‘Cancer-causing’ weed killer is found in Honey Nut Cheerios, Quaker Oats and 24 more cereals

by MARY KEKATOS

Mail Online | October 24, 2018

Dozens of cereals, oatmeals and snack bars contain trace amounts of a weed killer that has been linked to cancer, a new report says.

Released by the Environmental Working Group (EWG), the report found 26 of 28 oat-based cereal products that were tested had ‘harmful’ levels of glyphosate, the main ingredient of Roundup. 

Products included variations of Cheerios and Quaker Oats, including Honey Nut Cheerios, Quaker Oatmeal Squares Honey Nut, and Quaker Overnight Oats.

The weed killer was recently at the center of a trial in which a California jury found Roundup was responsible for giving groundskeeper Dewayne Johnson, 46, terminal cancer.

None of the products in the new report had levels above what is allowed by the Environmental Protection Agency (EPA), but the EWG argues that customers should be concerned that any levels are being detected in products consumed by children everyday.

Dozens of cereals, oatmeals and snack bars, including Honey Nut Cheerios (pictured), were tested in a new report
The report found that the products, including Quaker Oatmeal Squares Honey Nut (pictured), contain trace amounts of a weed killer linked to cancer.

Dozens of cereals, oatmeals and snack bars, including Honey Nut Cheerios (left) and  Quaker Oatmeal Squares Honey Nut (right), contain trace amounts of a weed killer linked to cancer

The report from the Environmental Working Group found 26 of 28 oat-based cereal products that were tested had levels of glyphosate, the main ingredient of Roundup (pictured)

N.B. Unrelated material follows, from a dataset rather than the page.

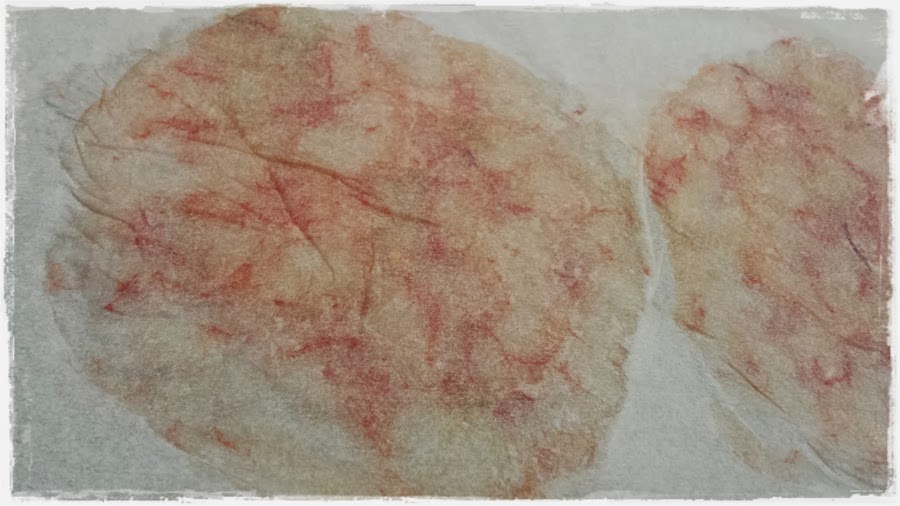 Una vez formados los círculos, cubrimos con otra lámina de papel vegetal y con ayuda de un mazo de cocina, de un rodillo o incluso de un cazo, golpeamos las gambas con cuidado hasta obtener el grosor deseado y siempre dándole forma circular. Debe quedar más o menos así:

The report from the Environmental Working Group found 26 of 28 oat-based cereal products that were tested had levels of glyphosate, the main ingredient of Roundup (pictured)

In August, the EWG conducted its first study, which found the presence of glyphosate in 45 samples of breakfast cereals from producers Quakers, Kellogg’s, and General Mills.

On the heels of this study, the group wanted to dive further and test specifically Quaker Oats and Cheerios products, because high levels of glyphoste were found in the first study and they are two of the most popular cereal brands.

For the new study, the EWG purchased the products at grocery stores in San Francisco and Washington, DC, and had them tested at Anresco Laboratories in San Francisco.

Results of the samples showed glyphosate was detectable in all 28 products, and levels considered unsafe were found in 26.

The EPA caps glyphosate tolerance at 5.0 parts per million (ppm).

But the EWG’s health benchmark is much more conservative and says any level greater than 160 parts per billion (ppb) is not safe.

In the report, the highest level was found Quaker Oatmeal Squares Cereal Honey Nut, registering at 2,837 ppb.

That number is nearly 18 times greater than EWG’s benchmark.

However, government agencies, manufacturers and advocacy groups seem to be conflicted about what is – and is not – considered safe.

Following the results of the EWG’s report, both General Mills and Quaker released statements insisting their products are safe.

‘[The] EWG report artificially creates a “safe level” for glyphosate that is detached from those that have been established by responsible regulatory bodies in an effort to grab headlines,’ a statement from Quaker, sent to Daily Mail Online, read in part.

‘We believe EWG’s approach is invalid, and we stand behind our statement that the Quaker products tested by EWG are safe.’